Datadog stores trillions of metric data points using TimescaleDB (PostgreSQL extension) with time-based hypertable partitioning. Queries for recent metrics are pruned to the last few chunks, making p99 latency milliseconds instead of seconds on tables with hundreds of billions of rows.
A table is partitioned by created_at. The query WHERE user_id = 42 scans all partitions. What is the most effective fix?
pg_partman: Automated Partition Management
pg_partman is a PostgreSQL extension that automates partition creation, maintenance, and retention. It creates future partitions on a schedule, drops or detaches old partitions based on a retention policy, and handles the bookkeeping of partition sets. Without automation, DBAs manually create next-month's partition every month - a failure-prone process.
Zalando runs pg_partman on PostgreSQL clusters storing billions of order events. Partition maintenance runs nightly: it creates next month's partitions and drops data beyond the retention window. The entire operation takes seconds and requires no application changes.
pg_partman is configured with p_premake=4 and an interval of '1 month'. On January 15th, which partitions will be pre-created?
When to Use Partitioning
Partitioning is beneficial for specific workloads but adds overhead for general-purpose tables. The query planner must evaluate partition metadata for every query, even when pruning applies. Tables with fewer than 10-50 million rows rarely benefit from partitioning - indexes are more effective.
PostgreSQL cannot enforce a UNIQUE or PRIMARY KEY constraint across partitions unless the constraint includes the partition key. A global unique index on 'id' alone is not supported on partitioned tables. Plan for this early - retrofitting requires recreating the table.
A 5 million row table is partitioned by month for query performance. The DBA notices queries are now slower than before partitioning. What is the likely cause?
Key Ideas
- **Range partitioning** is optimal for time-series and log data: instant partition drops for retention, efficient range scans with pruning.
- **Partition pruning** eliminates irrelevant partitions when the WHERE clause filters on the partition key. Without the partition key in the filter, all partitions are scanned.
- **pg_partman** automates partition creation (p_premake future partitions) and retention (drop/detach old partitions). Essential for production use.
- **Partitioning makes sense** only above ~100M rows where pruning savings exceed partition metadata overhead.

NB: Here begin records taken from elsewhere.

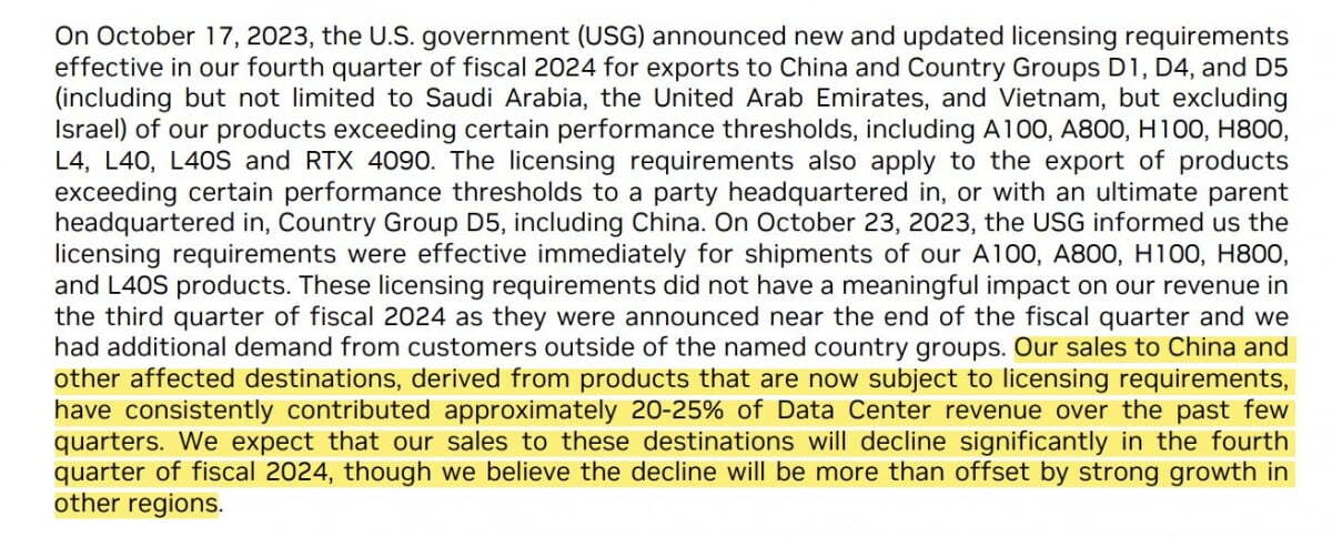 이는 중국 매출에 대한 우려 탓입니다. 엔비디아는 "미국 연방정부 허가가 필요한 제품의 중국 판매가 몇 분기 동안 지속해서 데이터센터 매출의 약 20~25%에 이바지해 왔다. 중국에 대한 판매가 다음 분기에 크게 감소할 것으로 예상한다. 하지만 이러한 감소가 다른 지역의 강력한 성장으로 상쇄되고도 남을 것이라고 믿는다"라고 밝혔습니다. JP모건은 195억 달러에서 200억 달러에 이르는 다음 분기 매출 가이던스(컨센서스를 상회하지만)가 시장의 마음에 들지 않은 것 같다"라고 지적하기도 했습니다.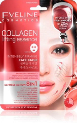 Mascarilla coreana facial con efecto lifting. Reafirma, hidrata y mejora la elasticidad de la piel gracias a su fórmula rica en colágeno. De EVELINE Cosmetics.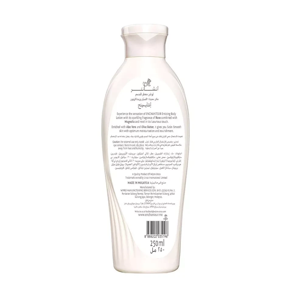 Experience the elegance of soft and beautifully scented skin with Enchanteur Lotion Enticing. Enriched with a mesmerizing blend of floral and fruity notes, this lotion hydrates your skin, leaving it silky smooth and delicately fragrant.
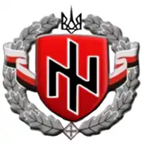El escudo de la Unión Nacional de Ucrania cuenta con un wolfsangel. El escudo consta de un rojo lienzo con la wolfsangel en color negro. El wolfsangel es usada por el neonazismo a nivel internacional[14]. La bandera consta de tres bandas, donde franja blanca simboliza la raza, raya roja simboliza la nación, una raya negro simboliza la tierra - un país. Lema: ¡Raza! ¡Nación! ¡Tierra![15]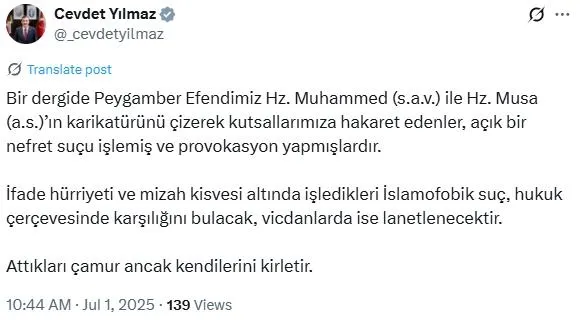 "Bir dergide Peygamber Efendimiz Hz. Muhammed (sav) ile Hz. Musa'nın (as) karikatürünü çizerek kutsallarımıza hakaret edenler, açık bir nefret suçu işlemiş ve provokasyon yapmışlardır. İfade hürriyeti ve mizah kisvesi altında işledikleri İslamofobik suç, hukuk çerçevesinde karşılığını bulacak, vicdanlarda ise lanetlenecektir. Attıkları çamur ancak kendilerini kirletir."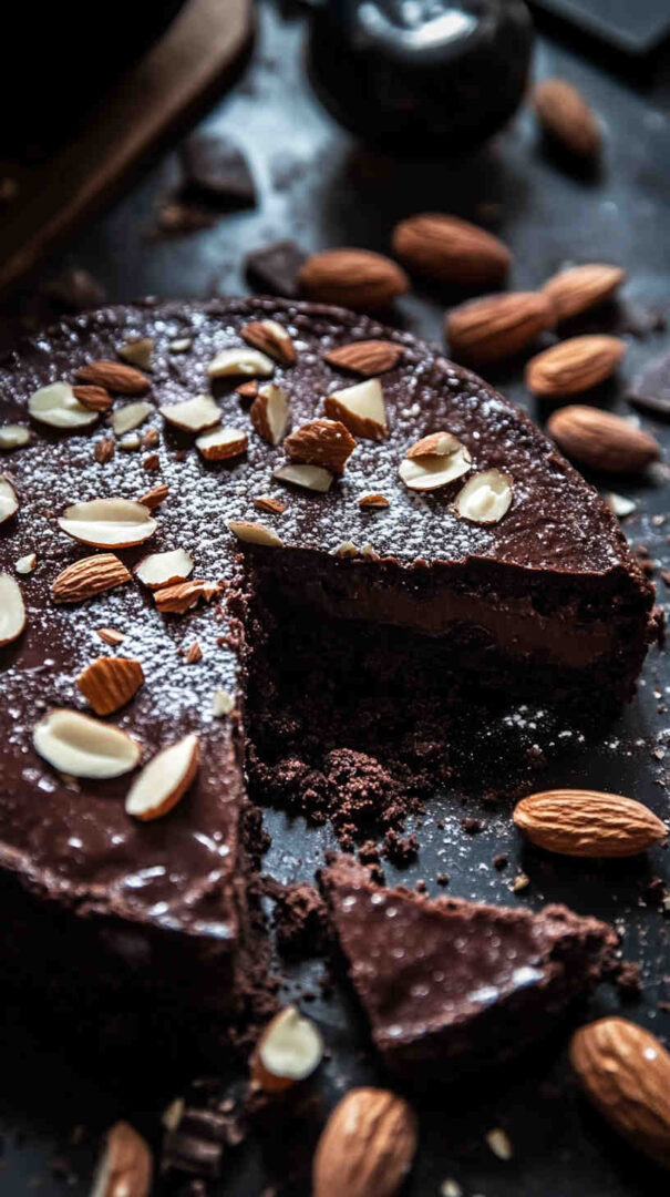 - Serve with joy and elegance — Carefully lift the torte out using the parchment paper and transfer to a serving plate. Dust with powdered sugar, add fresh berries or whipped cream, slice generously, and enjoy this luxurious chocolate-almond delight!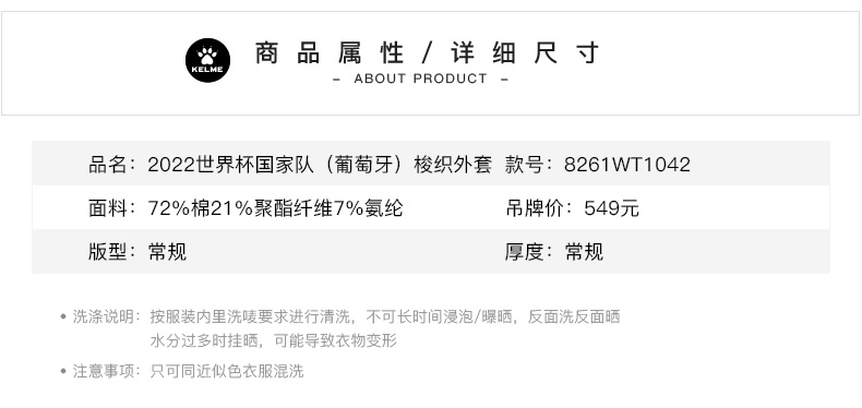 卡尔美2022世界杯国家队主题(比利时)训练梭织外套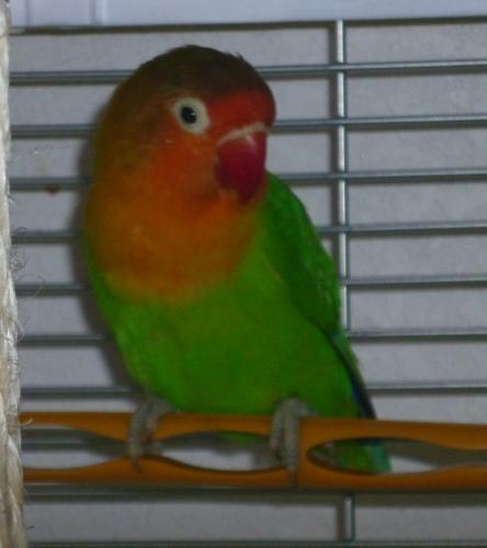 Paisley is a Fisher’s Lovebird (Agapornis fischeri). He showed up at our house in April of 2017. After hanging around for about two weeks eating the bird feed I put out for the wild birds, I decided to try and catch this bird. I didn’t think it would be safe for long with all the cats, hawks and other predators we have around here. The bird was fairly easy to catch once I decided how to go about it. It took about two weeks after we captured him for him to tell us his name was Paisley. It fits his colorful appearance and happy carefree personality |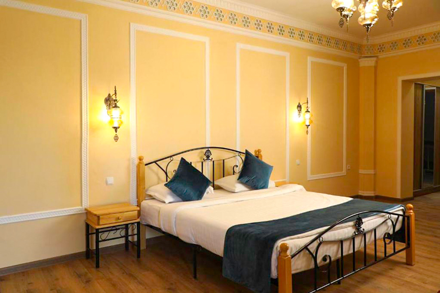 The terrace bar and three suite rooms with balconies and verandas have a spectacular view of the famous monuments. The small and peaceful courtyard of the hotel is arranged in Uzbek style and has a small garden with decorative plants. On the second floor of the restaurant is the open summer bar for 40 guests, from which a panoramic view of most of the city opens, and in the basement a winter bar is located.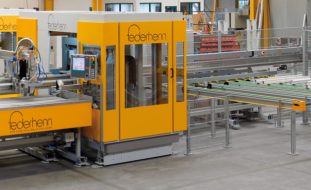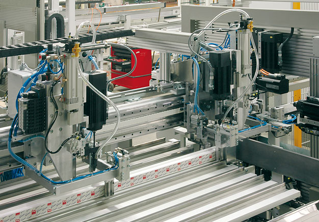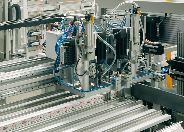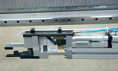• NC-Zange (180 m/min, mit 2-Achsen-Lage-Positionierung) greift das Profil und fördert in x-Achs-Richtung
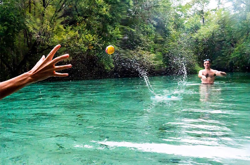 Der Waboba Ball hüpft auf dem Wasser. Wirf ihn wie einen Sprungstein und er schiefert oder hüpft zu deinen Spielpartner.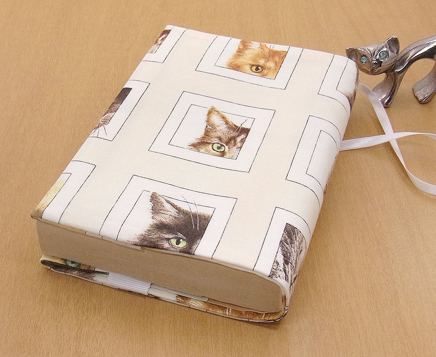 - 71 B ハンドメイド 文庫本② ブックカバー のぞく猫たち 薄ベージュ 四角 猫 ねこ キャット cat プレゼント 贈り物 飾り物は含まない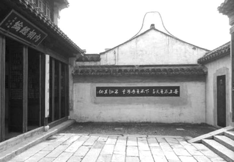 二進:為2米55高,18扇雕花落地木窗的二層硬山頂建筑享堂,木窗上方懸掛清乾隆皇帝御賜“內相經論”橫匾,二側相襯清蘭齊公陸子鑨“閉戶默觀天地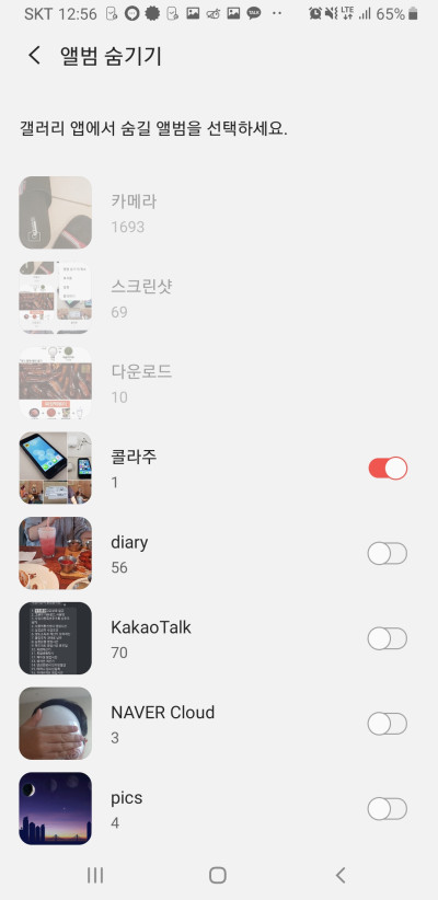그러면 갤러리 앱에서 숨길 앨범을 선택하라고 나오는데 여기서 콜라주 앨범을 숨겨볼까 합니다. 콜라주 옆 활성화를 누르고 밖으로 나오면 콜라주 앨범이 사라져 있는 것을 알 수 있습니다.

Indexes are more effective for smaller tables.
- **UNIQUE constraints** on partitioned tables must include the partition key - PostgreSQL cannot enforce cross-partition uniqueness on a non-partition key alone.
Related Topics
Partitioning is the step between indexing and full sharding:
- Sharding — Partitioning splits data within one node; sharding splits across multiple nodes. When a partitioned table outgrows a single node, sharding is the next step.
- Indexes and Query Optimization — Partition pruning works like an index on the partition key. For non-partition-key queries, secondary indexes within each partition are required.
- TimescaleDB — TimescaleDB extends PostgreSQL with automatic time-based partitioning (hypertables), compression, and continuous aggregates for time-series workloads.
Вопросы для размышления
- A partitioned table has a UNIQUE (id) constraint that PostgreSQL rejects. What schema change would make this constraint enforceable on a range-partitioned table?
- TimescaleDB compresses chunks (partitions) older than 7 days. What queries become slower after compression, and which remain fast?
- Cloudflare drops DNS log partitions older than 30 days instantly. What would happen to a long-running analytics query that started before the DROP PARTITION completed?